**DATA:**
= Beginning of Section =

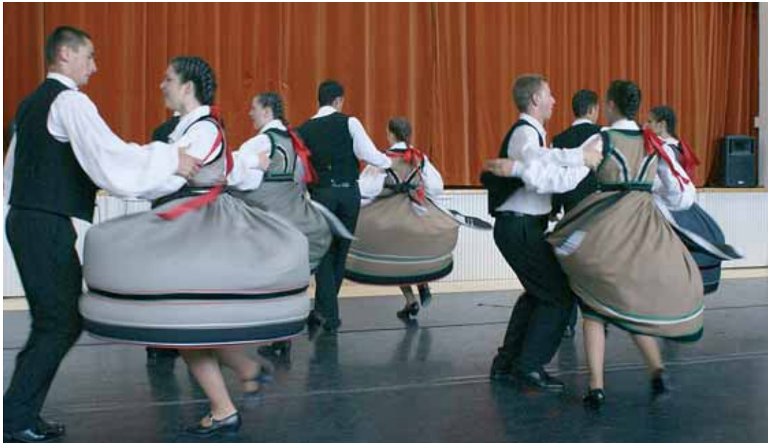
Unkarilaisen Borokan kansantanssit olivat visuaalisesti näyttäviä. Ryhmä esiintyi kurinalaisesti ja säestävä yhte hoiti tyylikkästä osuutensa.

= End of Section =
= Beginning of Section =

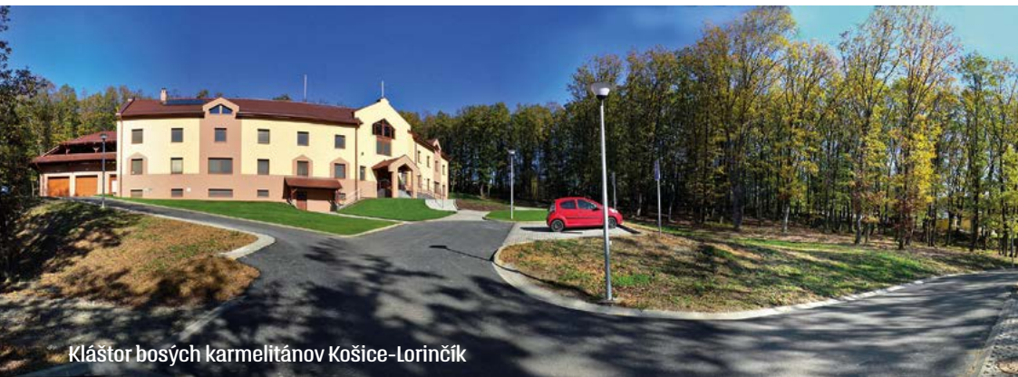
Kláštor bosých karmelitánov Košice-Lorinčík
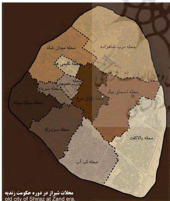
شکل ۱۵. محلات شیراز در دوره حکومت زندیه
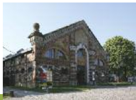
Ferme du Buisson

= End of Section =

Look back over the records above. Reproduce exactly everything from the line with "Kláštor bosých karmelitánov Košice-Lorinčík" down to the line with "Ferme du Buisson", inclusive, and leave the pictures out.

**TASK OUTPUT:**
Kláštor bosých karmelitánov Košice-Lorinčík
شکل ۱۵. محلات شیراز در دوره حکومت زندیه
Ferme du Buisson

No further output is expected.